Work instruction:
Give the records again exactly, but drop the pictures.
○ ○ ○ ○ ○
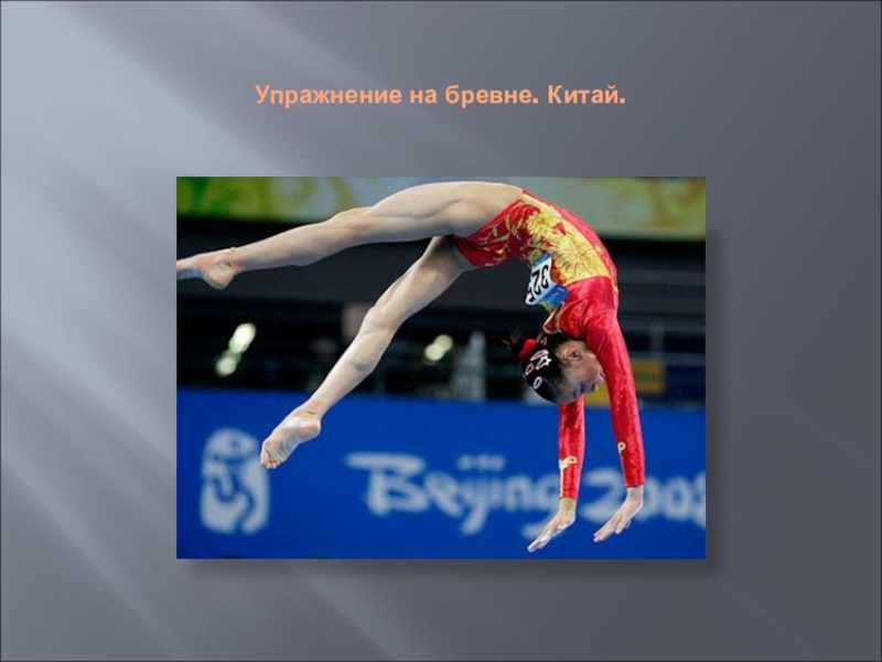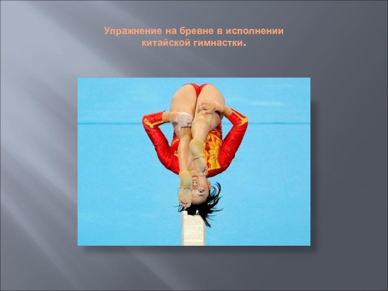 Слайд 14Упражнение на бревне в исполнении китайской гимнастки.
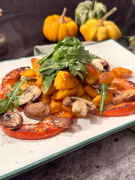 Butterschmalz in einer großen Pfanne erhitzen und die Kürbis-Paprika-Gnocchi portionsweise goldbraun anbraten. Den Rucola mit dem Dressing mischen. Gnocchi mit dem Ofengemüse auf Tellern anrichten und mit einem Häubchen Salat toppen.
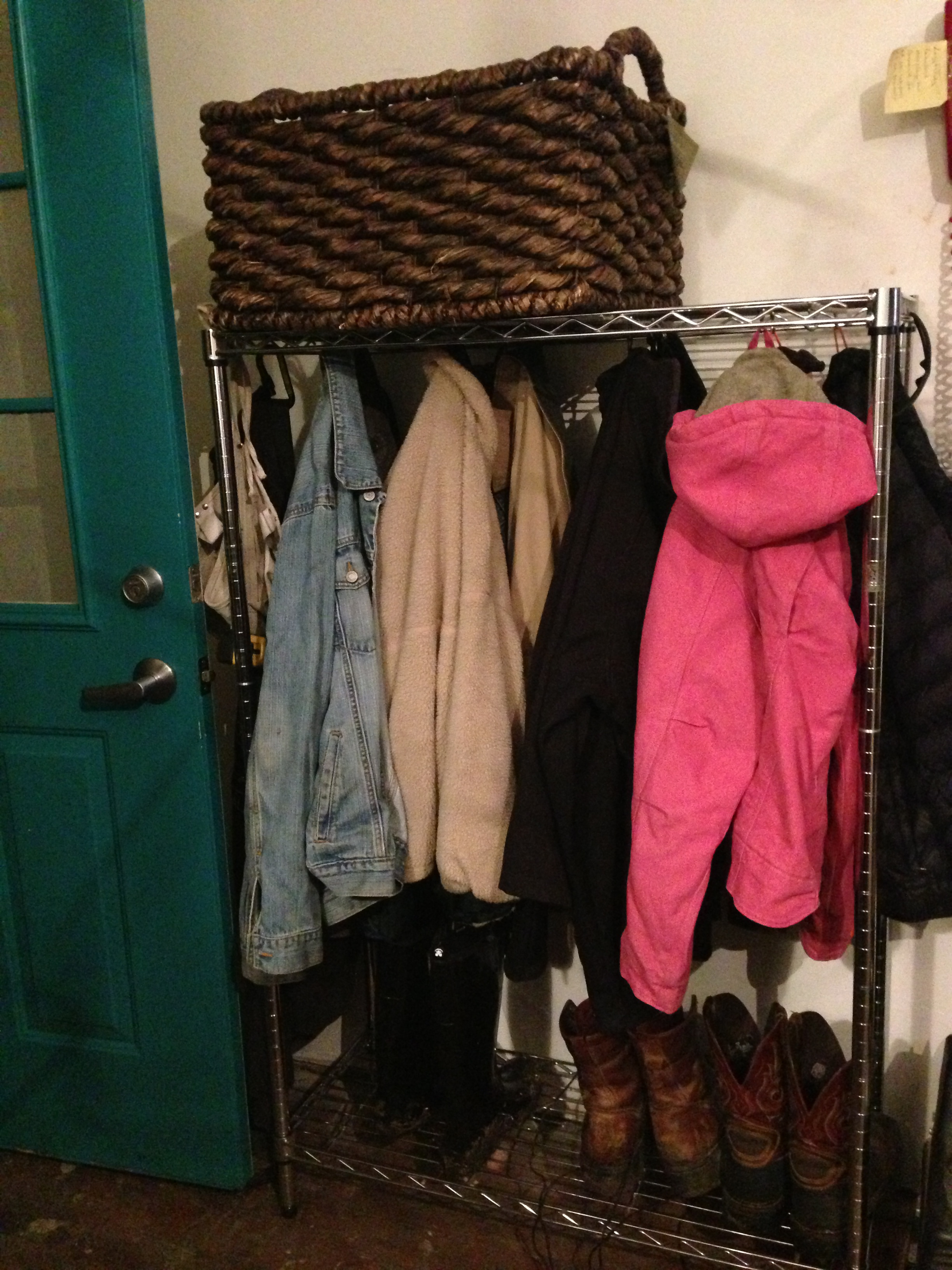 So there it is. Our coat rack. Hopefully, the one-two punch of its placement just inside the back door, and the easy-to-hang-up S-hooks (rather than high-maintenance hangers) will keep our amazing collection of outerwear off the sofa, desk, dog crate, kitchen counter, etc, etc, etc. And my hope is that this little baker’s rack makeover will satisfy my OCD and keep a meltdown at bay for at least a few more days.
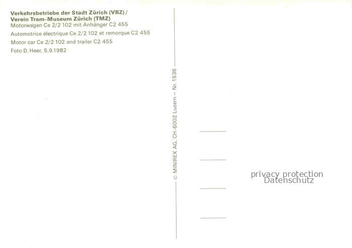 74052942 STRAssENBAHN Tramway– Zuerich VBZ TMZ Motorwagen Ce 2/2 102 postalisch nicht gelaufen Erhaltung siehe scans [IrynaD87] KatCode: 22040000000500
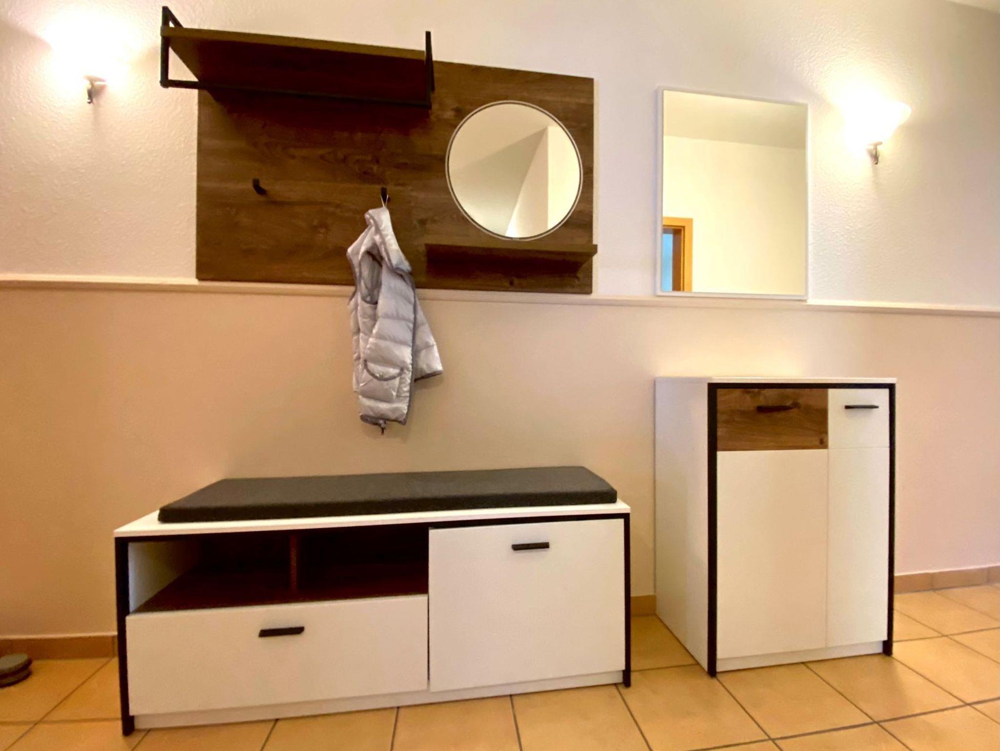 Zur weiteren Ausstattung gehören noch ein Schlafzimmer mit Doppelbett und 1 Schlafzimmer mit Einzelbett (ausziehbar für 2 Personen), sowie ein Bad mit Dusche und WC.
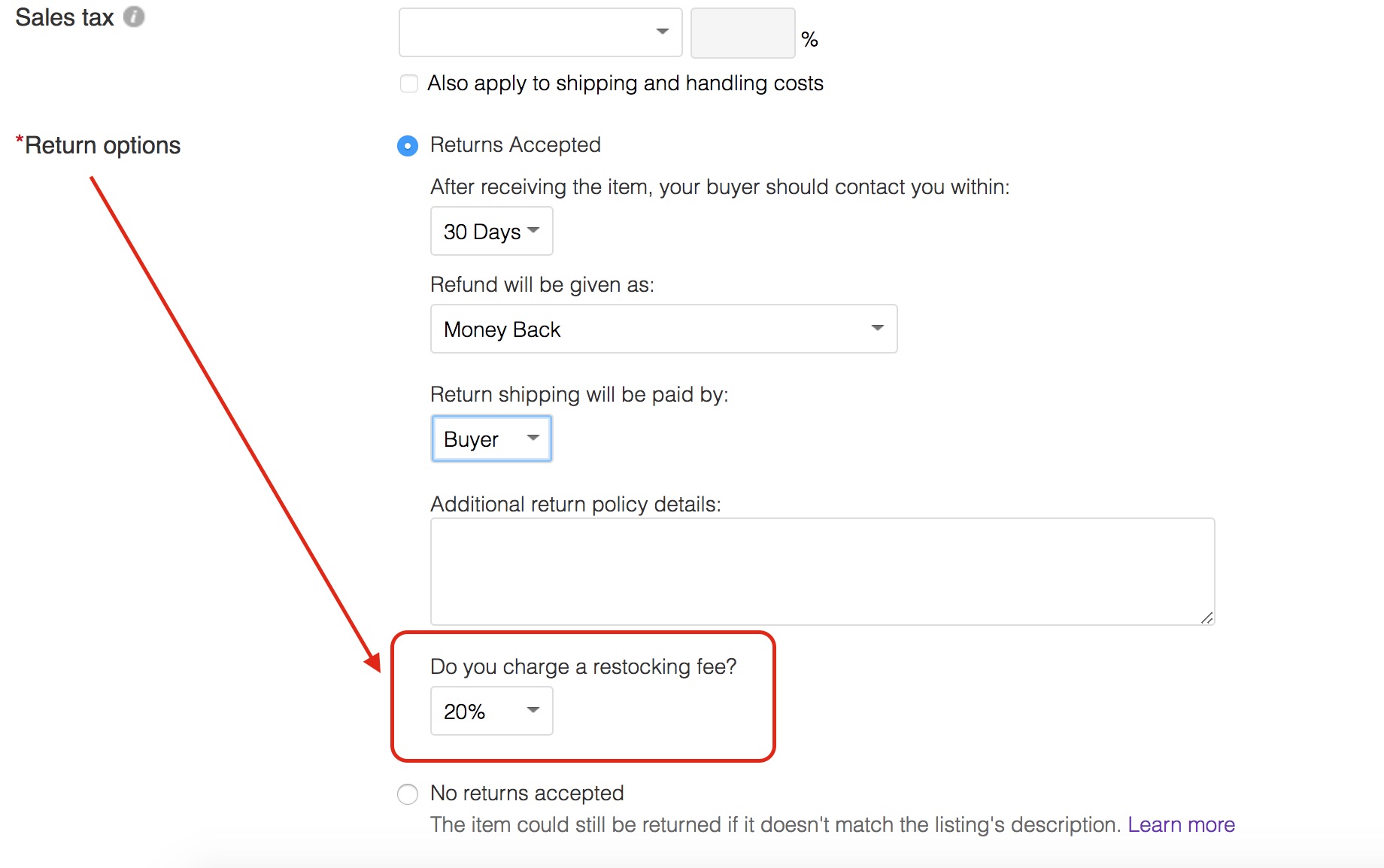 В самом листинге в Разделе "Return options" надо установить в графе "Do you charge a restocking fee?" Смотрите фото. Когда будет возврат, от суммы автоматом отнимутся ваши фи.
○ ○ ○ ○ ○
Result of the task:
 Слайд 14Упражнение на бревне в исполнении китайской гимнастки.
 Butterschmalz in einer großen Pfanne erhitzen und die Kürbis-Paprika-Gnocchi portionsweise goldbraun anbraten. Den Rucola mit dem Dressing mischen. Gnocchi mit dem Ofengemüse auf Tellern anrichten und mit einem Häubchen Salat toppen.
 So there it is. Our coat rack. Hopefully, the one-two punch of its placement just inside the back door, and the easy-to-hang-up S-hooks (rather than high-maintenance hangers) will keep our amazing collection of outerwear off the sofa, desk, dog crate, kitchen counter, etc, etc, etc. And my hope is that this little baker’s rack makeover will satisfy my OCD and keep a meltdown at bay for at least a few more days.
 74052942 STRAssENBAHN Tramway– Zuerich VBZ TMZ Motorwagen Ce 2/2 102 postalisch nicht gelaufen Erhaltung siehe scans [IrynaD87] KatCode: 22040000000500
 Zur weiteren Ausstattung gehören noch ein Schlafzimmer mit Doppelbett und 1 Schlafzimmer mit Einzelbett (ausziehbar für 2 Personen), sowie ein Bad mit Dusche und WC.
 В самом листинге в Разделе "Return options" надо установить в графе "Do you charge a restocking fee?" Смотрите фото. Когда будет возврат, от суммы автоматом отнимутся ваши фи.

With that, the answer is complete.